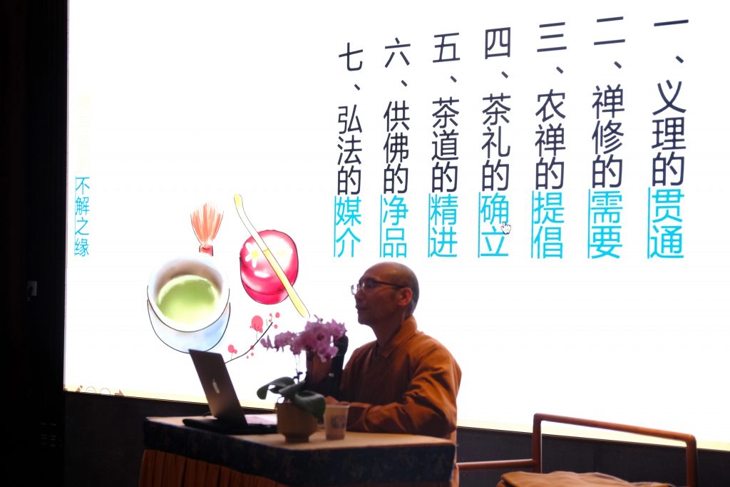 讲座共历时两天,分多场次于普觉讲堂阶梯教室及茶歇座谈交流。法师从禅茶的历史缘起、禅茶义理的贯通、禅茶对禅修的意义、佛教中国化农禅并重的特色、中日佛教茶礼的确立、径山寺禅院茶礼的意涵及禅茶的新时代意义作了系统性梳理和生动讲解。通过可潜法师两天深入浅出的授课,大家收获良多。
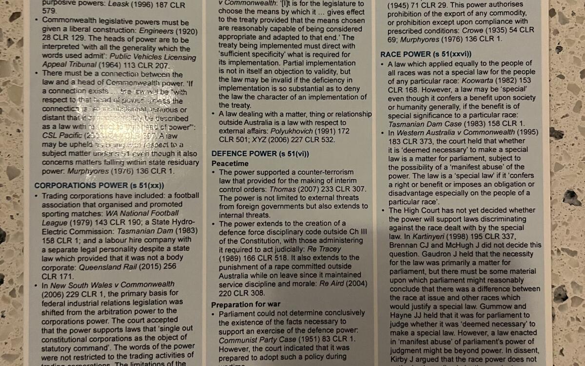 LexisNexis Quick Reference Card 6 pages of summary notes on Constitutional Law Handy for exam
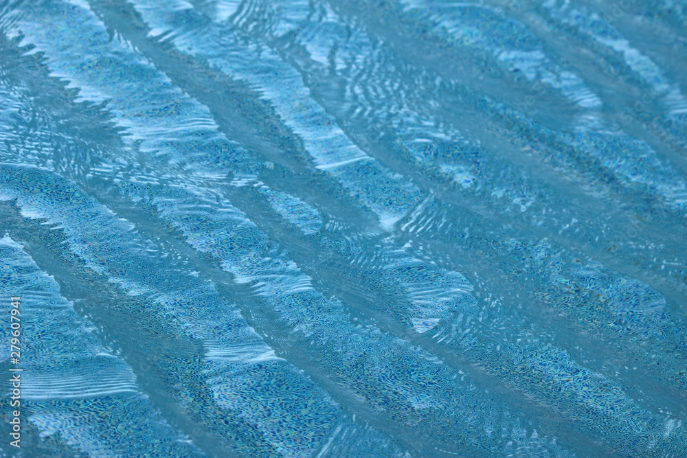 Abstract turquoise swimming pool textured background with bands of contrasting diagonal waves formed from wind and sunlight reflecting on the water's surface
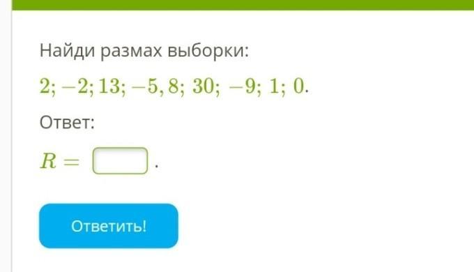 Размах выборки - разность между наибольшим и наименьшим значением, тогда:
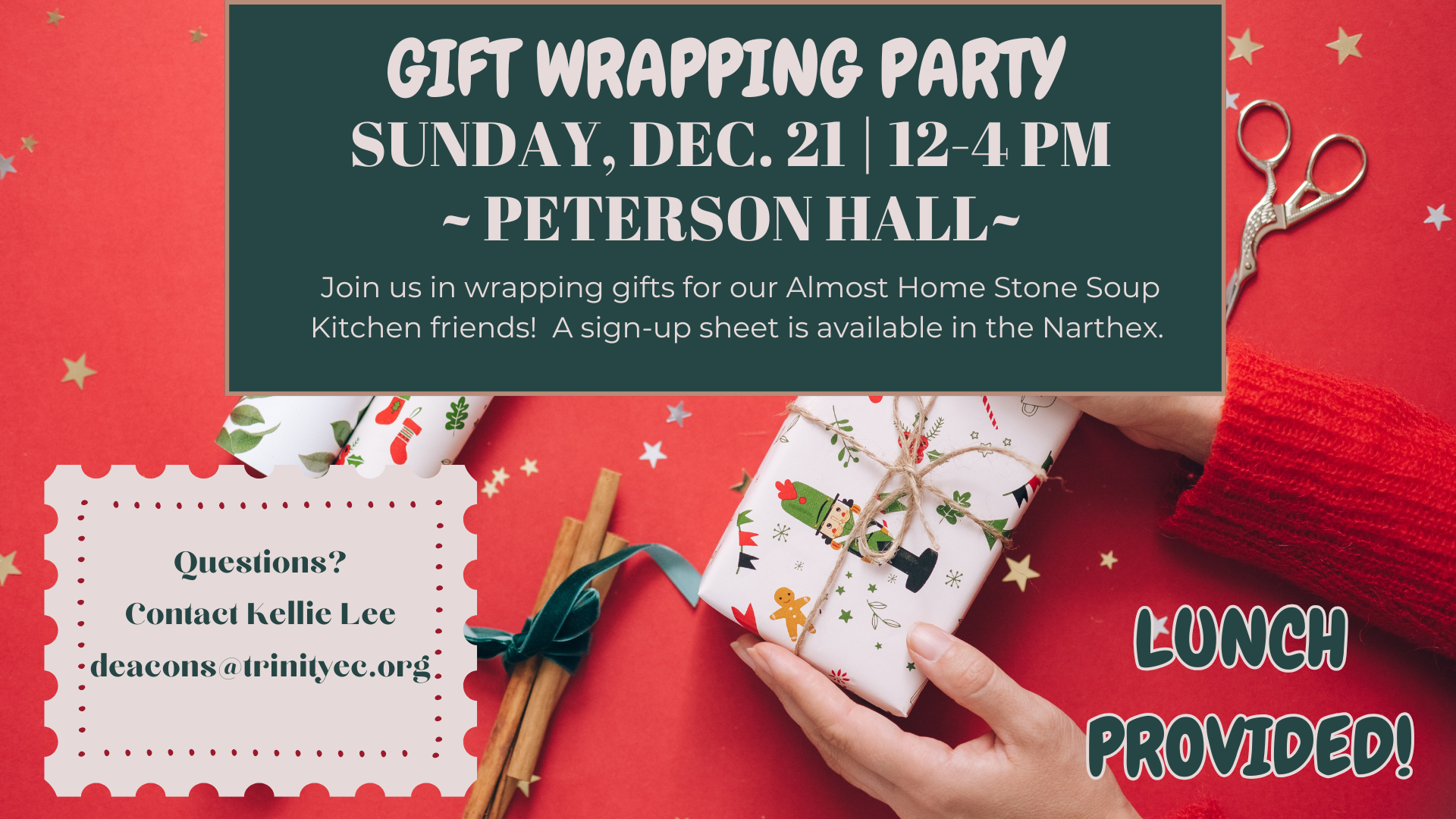 Join us in wrapping gifts for our Almost Home Stone Soup Kitchen friends!
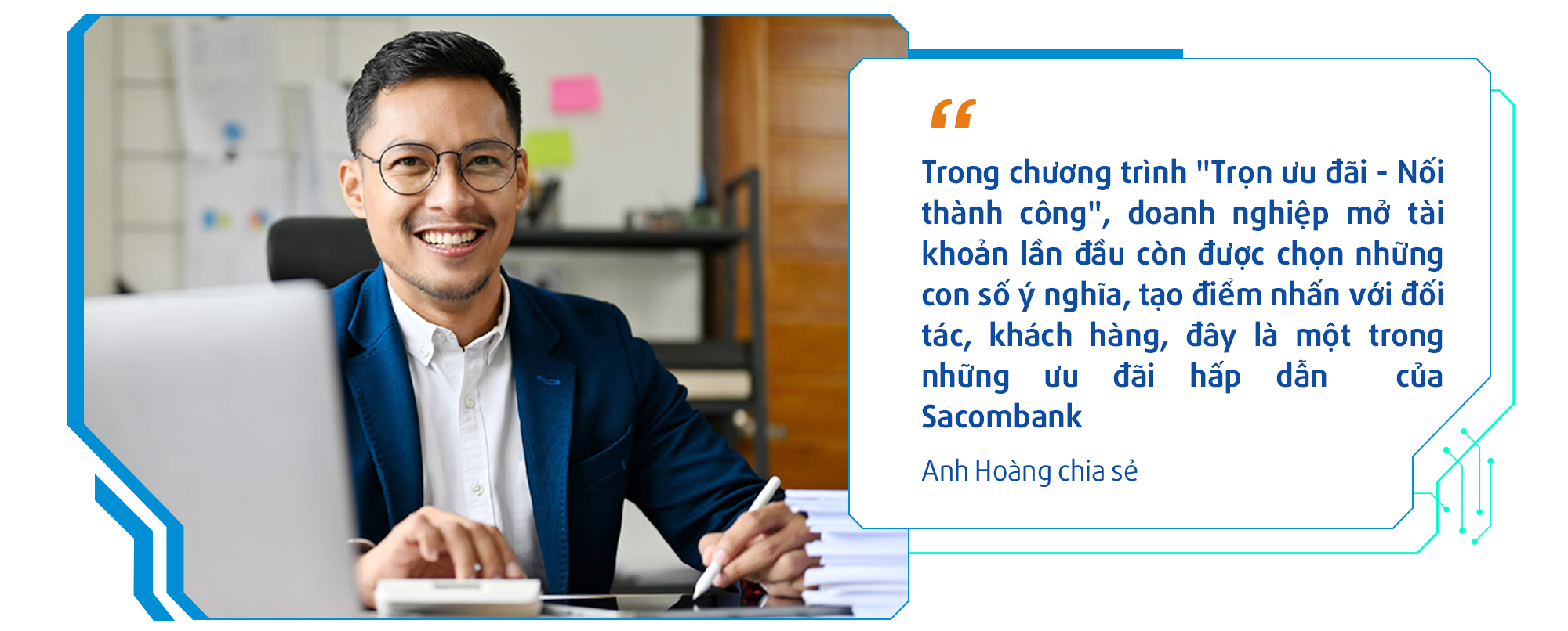 "Trước đây, khi quản lý trên sổ sách truyền thống, dù kinh doanh tốt nhưng tôi lại không thấy dòng tiền. Giờ đây, những vấn đề này đã được giải quyết nhờ vào tài khoản thanh toán doanh nghiệp tôi mở tại Sacombank. Tôi có thể thực hiện và quản lý các giao dịch mọi lúc, mọi nơi chỉ với một chiếc điện thoại thông qua eBanking của ngân hàng. Việc tra soát cũng rất dễ dàng, tôi không phải đau đầu vì hàng tá sổ sách như trước. Đối tác và khách hàng của công ty đều hài lòng vì quy trình được rút gọn, tiết kiệm nhiều thời gian, chi phí và trải nghiệm mua sắm cũng mượt mà hơn. Đặc biệt, ngân hàng đang miễn và giảm hàng loạt phí khi sử dụng tài khoản thanh toán từ nay đến cuối năm, doanh nghiệp của tôi càng thêm lời", anh Hoàng chia sẻ.
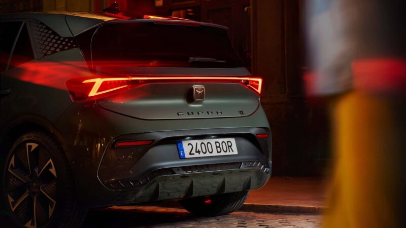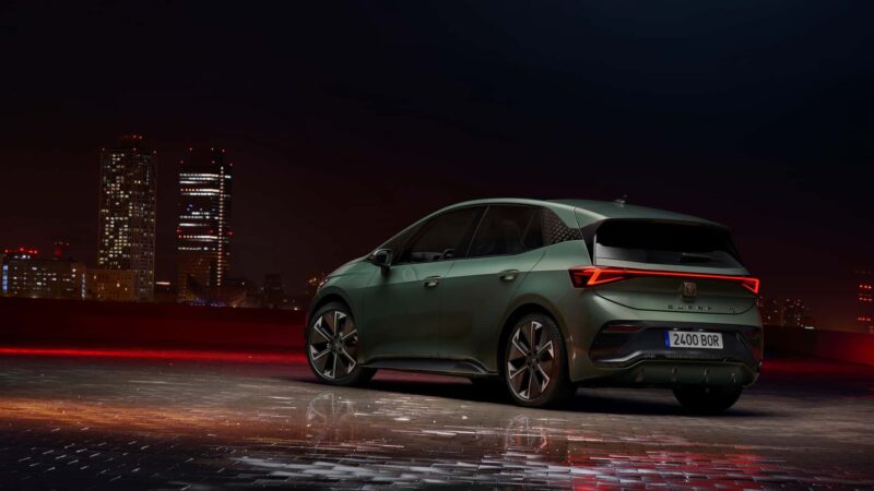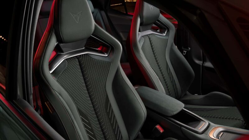 Cupra menawarkan warna Dark Forest atau Midnight Black untuk dipadankan pada bahagian luar Born VZ ini.
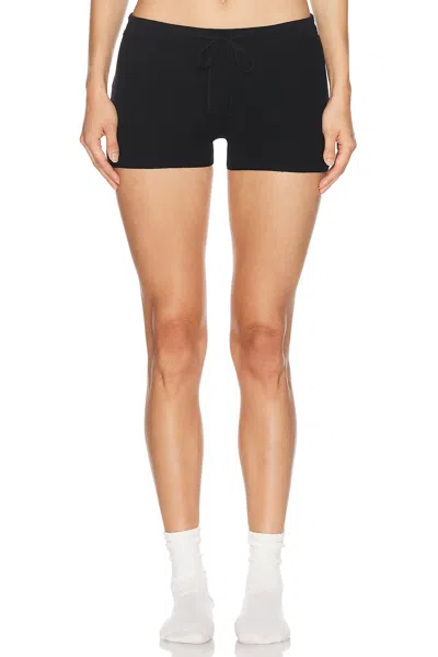 Eterne Drawstring Short in Black - Black. Size M (also in L, S, XL, XS). 48% cotton 48% modal 4% spandex. Made in USA. Machine wash. Pull-on styling with drawstring. Jersey fabric. ETEF-WF10. CB113-04. About the designer:
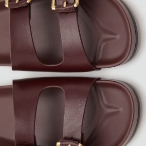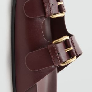 Flat design. Straps design. Straps with metal buckles. Open toe. No closure
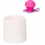 O brioșă roz adorabilă pe o farfurie face parte din set și se potrivește perfect în mâna lui Barbie, îmbogățind jocul.
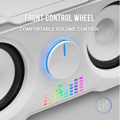 CONTROL FRONTAL: Dispone de una rueda de control frontal del volumen: Accede y controla con total comodidad el volumen de tus altavoces.
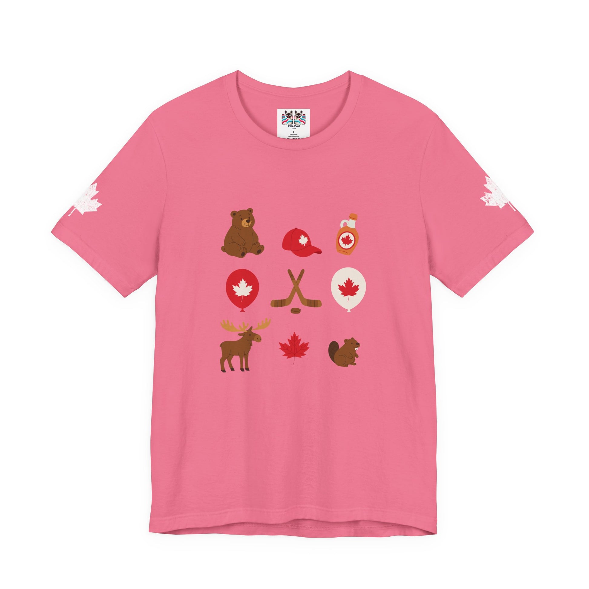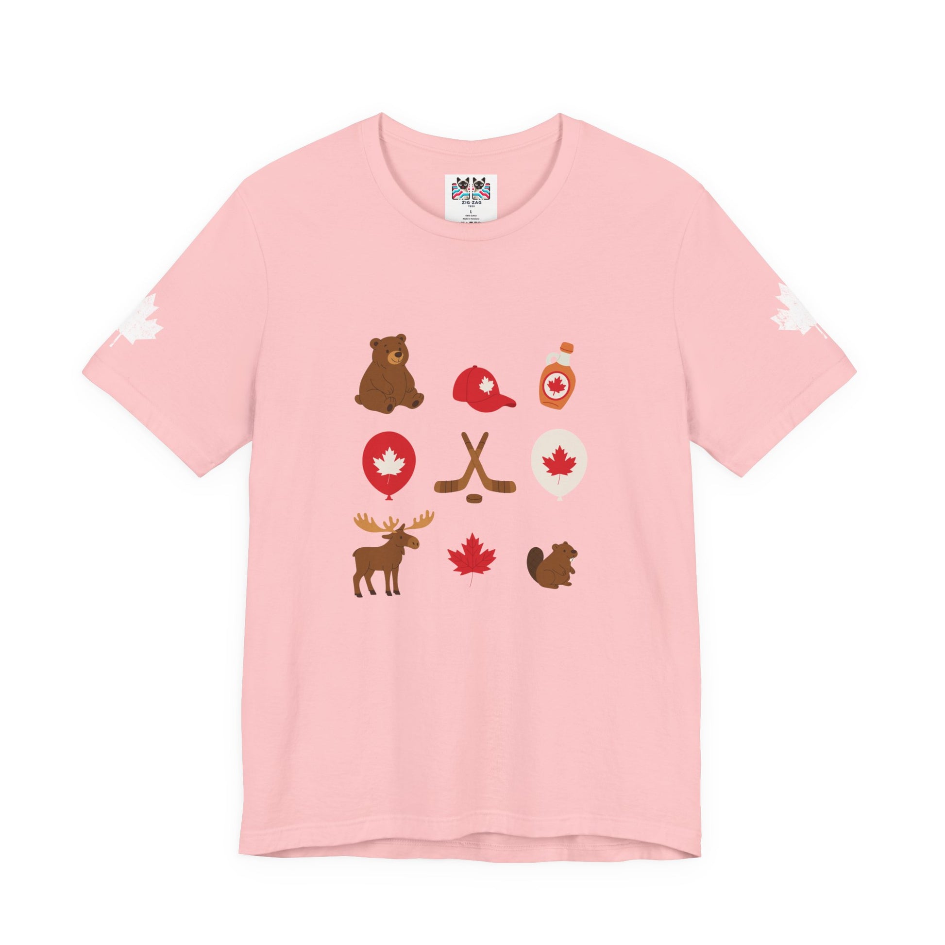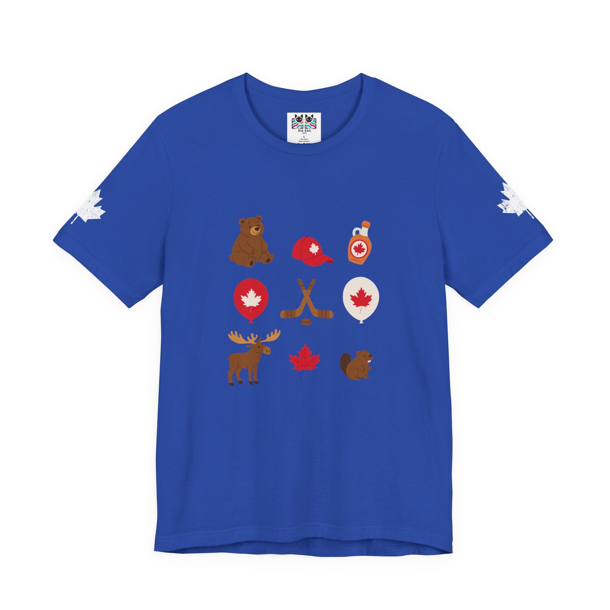Celebrate the essence of Canadian wildlife with this vibrant t-shirt showcasing a delightful collection of iconic images: a sitting bear, a cap with a maple leaf graphic, a bottle of maple syrup, hockey sticks and puck, a standing moose, a squirrel, a classic maple leaf, and two balloons with maple leaf designs. This colorful spread on a soft, comfortable tee captures the spirit of Canada’s outdoors and culture, making it perfect for nature lovers, hockey fans, and anyone proud to show Canadian heritage year-round.
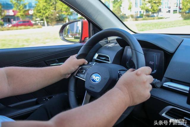 转向部分,比亚迪 e2 的方向盘很轻,这台车在城市里面开起来非常轻松,加上小巧的车身尺寸,用来城市驾驶代步非常的合适。当然了,作为一款家用车,方向盘会有一定的虚位,同时也别期望它能给你带来丰富的路感信息,轻松好开,才是它的本职工作。
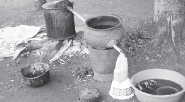 ▲當地人謀生不易,不少人在路旁釀起私酒出售。
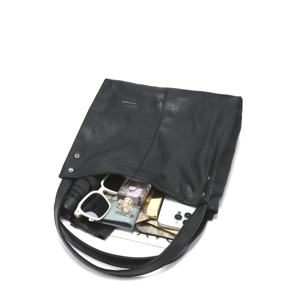Mākslīgās ādas soma sievietēm. Izmērs: 36 × 33 × 11 cm. Krāsa – melna.

◆ ◆ ◆ ◆

WORK TO BE COMPLETED: The whole listing above should be restated word for word, minus any images.

TASK SOLUTION:
 讲座共历时两天,分多场次于普觉讲堂阶梯教室及茶歇座谈交流。法师从禅茶的历史缘起、禅茶义理的贯通、禅茶对禅修的意义、佛教中国化农禅并重的特色、中日佛教茶礼的确立、径山寺禅院茶礼的意涵及禅茶的新时代意义作了系统性梳理和生动讲解。通过可潜法师两天深入浅出的授课,大家收获良多。
 LexisNexis Quick Reference Card 6 pages of summary notes on Constitutional Law Handy for exam
 Abstract turquoise swimming pool textured background with bands of contrasting diagonal waves formed from wind and sunlight reflecting on the water's surface
 Размах выборки - разность между наибольшим и наименьшим значением, тогда:
 Join us in wrapping gifts for our Almost Home Stone Soup Kitchen friends!
 "Trước đây, khi quản lý trên sổ sách truyền thống, dù kinh doanh tốt nhưng tôi lại không thấy dòng tiền. Giờ đây, những vấn đề này đã được giải quyết nhờ vào tài khoản thanh toán doanh nghiệp tôi mở tại Sacombank. Tôi có thể thực hiện và quản lý các giao dịch mọi lúc, mọi nơi chỉ với một chiếc điện thoại thông qua eBanking của ngân hàng. Việc tra soát cũng rất dễ dàng, tôi không phải đau đầu vì hàng tá sổ sách như trước. Đối tác và khách hàng của công ty đều hài lòng vì quy trình được rút gọn, tiết kiệm nhiều thời gian, chi phí và trải nghiệm mua sắm cũng mượt mà hơn. Đặc biệt, ngân hàng đang miễn và giảm hàng loạt phí khi sử dụng tài khoản thanh toán từ nay đến cuối năm, doanh nghiệp của tôi càng thêm lời", anh Hoàng chia sẻ.
 Cupra menawarkan warna Dark Forest atau Midnight Black untuk dipadankan pada bahagian luar Born VZ ini.
 Eterne Drawstring Short in Black - Black. Size M (also in L, S, XL, XS). 48% cotton 48% modal 4% spandex. Made in USA. Machine wash. Pull-on styling with drawstring. Jersey fabric. ETEF-WF10. CB113-04. About the designer:
 Flat design. Straps design. Straps with metal buckles. Open toe. No closure
 O brioșă roz adorabilă pe o farfurie face parte din set și se potrivește perfect în mâna lui Barbie, îmbogățind jocul.
 CONTROL FRONTAL: Dispone de una rueda de control frontal del volumen: Accede y controla con total comodidad el volumen de tus altavoces.
Celebrate the essence of Canadian wildlife with this vibrant t-shirt showcasing a delightful collection of iconic images: a sitting bear, a cap with a maple leaf graphic, a bottle of maple syrup, hockey sticks and puck, a standing moose, a squirrel, a classic maple leaf, and two balloons with maple leaf designs. This colorful spread on a soft, comfortable tee captures the spirit of Canada’s outdoors and culture, making it perfect for nature lovers, hockey fans, and anyone proud to show Canadian heritage year-round.
 转向部分,比亚迪 e2 的方向盘很轻,这台车在城市里面开起来非常轻松,加上小巧的车身尺寸,用来城市驾驶代步非常的合适。当然了,作为一款家用车,方向盘会有一定的虚位,同时也别期望它能给你带来丰富的路感信息,轻松好开,才是它的本职工作。
 ▲當地人謀生不易,不少人在路旁釀起私酒出售。
Mākslīgās ādas soma sievietēm. Izmērs: 36 × 33 × 11 cm. Krāsa – melna.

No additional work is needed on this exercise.